------ DATA PROVIDED ------
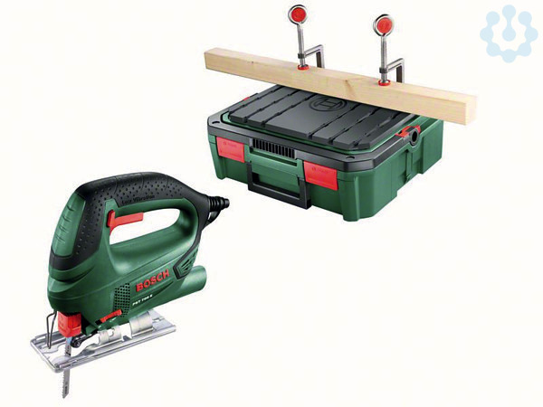 Stichsäge PST 700 ReadyToSaw. Die Stichsäge PST 700 E mit Systembox: das Gesamtpaket für einen schnellen Sägestart, Kompakte Größe, geringes Gewicht und hervorragende Handlichkeit sorgen für kontrollierten und optimalen Benutzerkomfort, Bosch Electronic für eine präzise Hubzahlsteuerung mit dem Schalterdrücker: für einen einfachen Sägestart und materialgerechtes Arbeiten, Minimale Vibrationen und sicheres und komfortables Arbeiten durch Bosch “Low Vibration” mit linearem Massenausgleich und ergonomischem Softgrip, Mit dem Set -ZollReadyToSaw-Zoll sind alle zum Sägen erforderlichen Utensilien in einer Box verfügbar, und die Arbeit kann sofort beginnen. Die Box kann als Arbeitsplatte verwendet werden, wobei das Werkstück zwecks sicherem Sägen bei weniger Vibrationen mit den mitgelieferten Spannbügeln fixiert wird. Drei verschiedene Sägeblätter für gerades und geschwungenes Sägen in Holz und Geradeschnitte in Aluminium. Optimale Präzision und Kontrolle – mit CutControl einfaches und sicheres Verfolgen der Schnittlinie. Bosch SDS sorgt für einen mühelosen und sicheren Sägeblattwechsel – und zwar ohne zusätzliche Werkzeuge. Verstellung der Fußplatte für Gehrungsschnitte bis zu 45°. Umschaltbare Staubblasfunktion für klare Sicht auf die Schnittlinie. Anschluss für Staubabsaugung zum Verbinden mit einem Staubsauger für die Reduzierung von Feinstaub. Im Lieferumfang enthalten: Werkbankplatte (1 600 A01 6E9), Klammern (im 2er-Set: 1 600 A01 7EB), Stichsägeblatt für Kurvenschnitte in Holz T101AO (2 608 637 167), Stichsägeblatt für besonders saubere und gerade Schnitte in Holz T308BF (2 608 634 161), Stichsägeblatt für gerade Schnitte in Aluminium T127D (2 608 631 027), CutControl (2 609 256 981), SystemBox, Rutschfeste Matte (1 600 A01 7ED), Meter, Tape, Bleistift, Karton
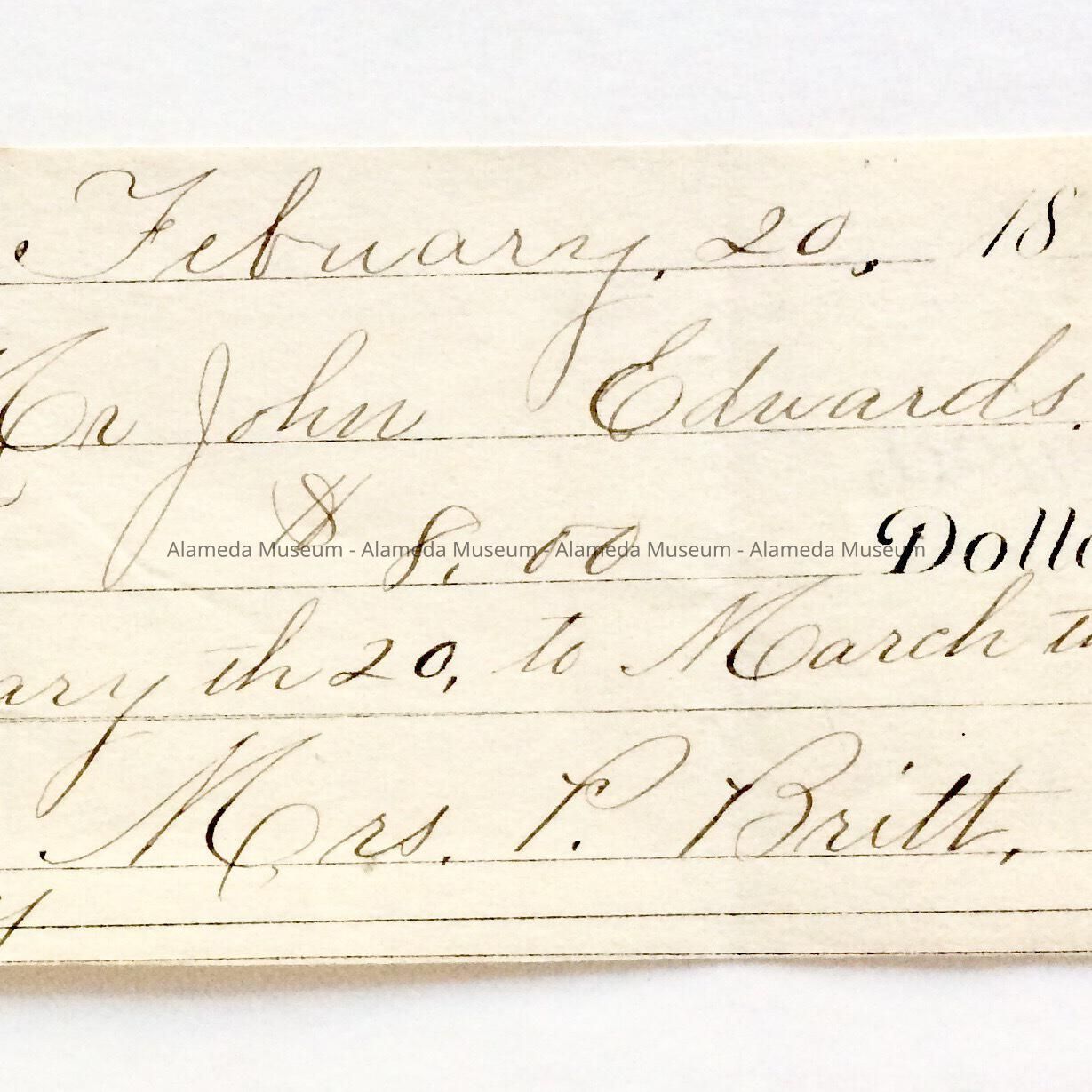 History of Object: A receipt from Mr. John Edwards for eight dollars from February 20th to March 20th received by Mrs. P. Britt on February 20, 1894
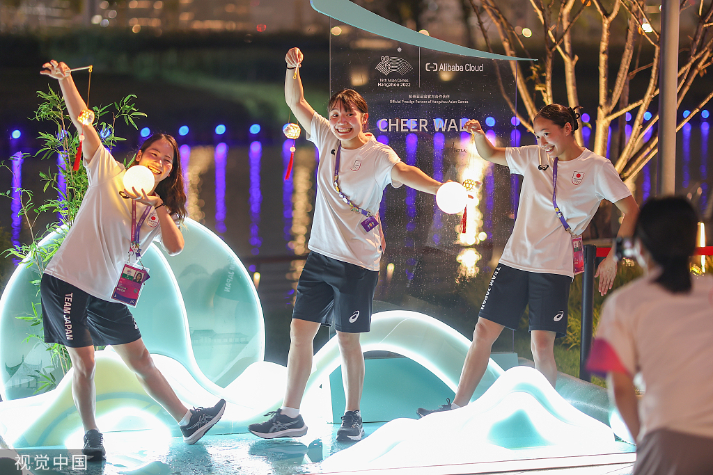 不少外国运动员在运动员村参与了汉服体验,制作了灯笼、花灯和花篮。现场设置的踢毽、投壶、蹴鞠体验区也吸引了运动员们的目光,运动员们纷纷拿出手机拍照留念。
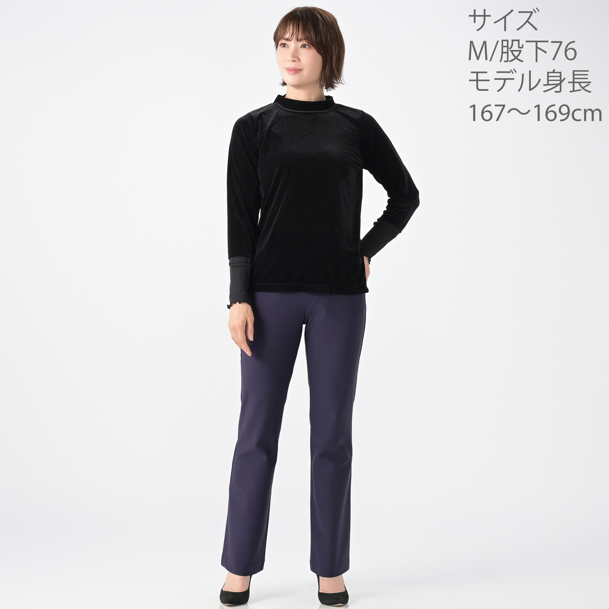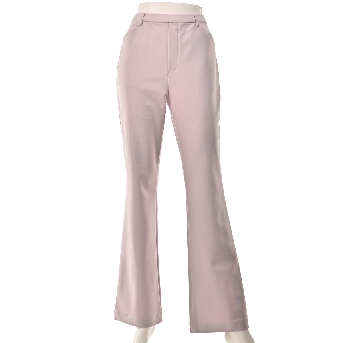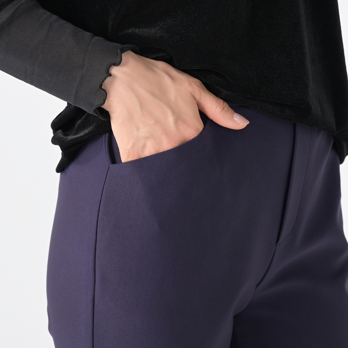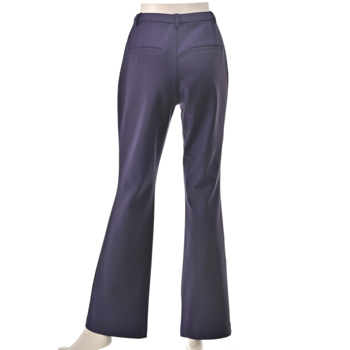 膝と裾バランスの美しいブーツカットシルエットのパンツ。前はフェイク開きのステッチ入りできちんと感も。後ろはダーツで立体的なヒップを設計し、飾り片玉縁ポケットはヒップを高く見せる位置に配置。ゴム入りのウエストはギャザーがよらず、すっきりとした印象です
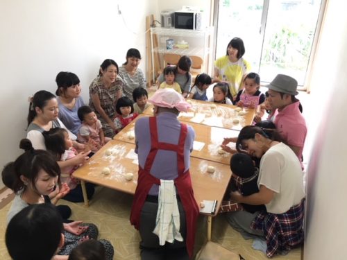 昨年、大好評だった、焼き立てパンが食べられるパン作りをOHANA Dayに行いました! パン作りの先生は近所にお住いの文夫さん♪ 趣味で始めたパン作りですが、素材にこだわり、ふわふわの美味しいパンを作るのが得意です☆ 成
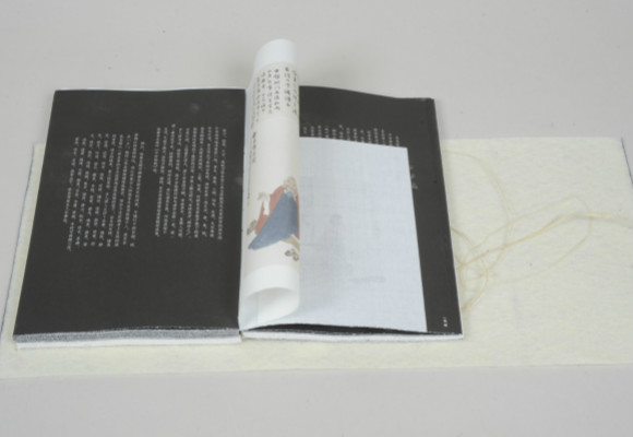 《学而不厌》则是教育类书籍,由江苏凤凰美术出版社出版,装帧设计者为曲闵民、蒋茜设计。它使用传统的宣纸来印刷中国画与书法,部分画页左右上下翻折。而封面用绘画装裱形式制作,裸背装订方式便于翻阅,宛如古籍善本,中国传统文人气息浓郁。
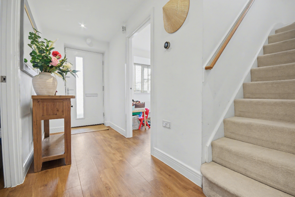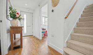 A good-sized entryway into the property featuring Amtico vinyl flooring and onward access to the kitchen, living room, study and stairs to the first floor.
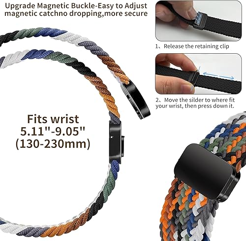 Stretchable & Adjustable: The nylon bands for Galaxy Watch 7 Band/Galaxy Watch 6 Band/Galaxy Watch 5 Band/Galaxy Watch 4 Band features an adjustable magnetic clasp. The metal buckle can be adjusted without the need for tools, allowing it to fit almost any wrist size. It sits comfortably on your wrist without feeling tight. Suitable for wrists measuring 5.11" - 9.05" (130mm - 230mm) with strong super elasticity.
------
= EXERCISE INSTRUCTIONS =
Could you repeat every entry above exactly, with each picture omitted?

= RESULT FOR THIS EXERCISE =
 Stichsäge PST 700 ReadyToSaw. Die Stichsäge PST 700 E mit Systembox: das Gesamtpaket für einen schnellen Sägestart, Kompakte Größe, geringes Gewicht und hervorragende Handlichkeit sorgen für kontrollierten und optimalen Benutzerkomfort, Bosch Electronic für eine präzise Hubzahlsteuerung mit dem Schalterdrücker: für einen einfachen Sägestart und materialgerechtes Arbeiten, Minimale Vibrationen und sicheres und komfortables Arbeiten durch Bosch “Low Vibration” mit linearem Massenausgleich und ergonomischem Softgrip, Mit dem Set -ZollReadyToSaw-Zoll sind alle zum Sägen erforderlichen Utensilien in einer Box verfügbar, und die Arbeit kann sofort beginnen. Die Box kann als Arbeitsplatte verwendet werden, wobei das Werkstück zwecks sicherem Sägen bei weniger Vibrationen mit den mitgelieferten Spannbügeln fixiert wird. Drei verschiedene Sägeblätter für gerades und geschwungenes Sägen in Holz und Geradeschnitte in Aluminium. Optimale Präzision und Kontrolle – mit CutControl einfaches und sicheres Verfolgen der Schnittlinie. Bosch SDS sorgt für einen mühelosen und sicheren Sägeblattwechsel – und zwar ohne zusätzliche Werkzeuge. Verstellung der Fußplatte für Gehrungsschnitte bis zu 45°. Umschaltbare Staubblasfunktion für klare Sicht auf die Schnittlinie. Anschluss für Staubabsaugung zum Verbinden mit einem Staubsauger für die Reduzierung von Feinstaub. Im Lieferumfang enthalten: Werkbankplatte (1 600 A01 6E9), Klammern (im 2er-Set: 1 600 A01 7EB), Stichsägeblatt für Kurvenschnitte in Holz T101AO (2 608 637 167), Stichsägeblatt für besonders saubere und gerade Schnitte in Holz T308BF (2 608 634 161), Stichsägeblatt für gerade Schnitte in Aluminium T127D (2 608 631 027), CutControl (2 609 256 981), SystemBox, Rutschfeste Matte (1 600 A01 7ED), Meter, Tape, Bleistift, Karton
 History of Object: A receipt from Mr. John Edwards for eight dollars from February 20th to March 20th received by Mrs. P. Britt on February 20, 1894
 不少外国运动员在运动员村参与了汉服体验,制作了灯笼、花灯和花篮。现场设置的踢毽、投壶、蹴鞠体验区也吸引了运动员们的目光,运动员们纷纷拿出手机拍照留念。
 膝と裾バランスの美しいブーツカットシルエットのパンツ。前はフェイク開きのステッチ入りできちんと感も。後ろはダーツで立体的なヒップを設計し、飾り片玉縁ポケットはヒップを高く見せる位置に配置。ゴム入りのウエストはギャザーがよらず、すっきりとした印象です
 昨年、大好評だった、焼き立てパンが食べられるパン作りをOHANA Dayに行いました! パン作りの先生は近所にお住いの文夫さん♪ 趣味で始めたパン作りですが、素材にこだわり、ふわふわの美味しいパンを作るのが得意です☆ 成
 《学而不厌》则是教育类书籍,由江苏凤凰美术出版社出版,装帧设计者为曲闵民、蒋茜设计。它使用传统的宣纸来印刷中国画与书法,部分画页左右上下翻折。而封面用绘画装裱形式制作,裸背装订方式便于翻阅,宛如古籍善本,中国传统文人气息浓郁。
 A good-sized entryway into the property featuring Amtico vinyl flooring and onward access to the kitchen, living room, study and stairs to the first floor.
 Stretchable & Adjustable: The nylon bands for Galaxy Watch 7 Band/Galaxy Watch 6 Band/Galaxy Watch 5 Band/Galaxy Watch 4 Band features an adjustable magnetic clasp. The metal buckle can be adjusted without the need for tools, allowing it to fit almost any wrist size. It sits comfortably on your wrist without feeling tight. Suitable for wrists measuring 5.11" - 9.05" (130mm - 230mm) with strong super elasticity.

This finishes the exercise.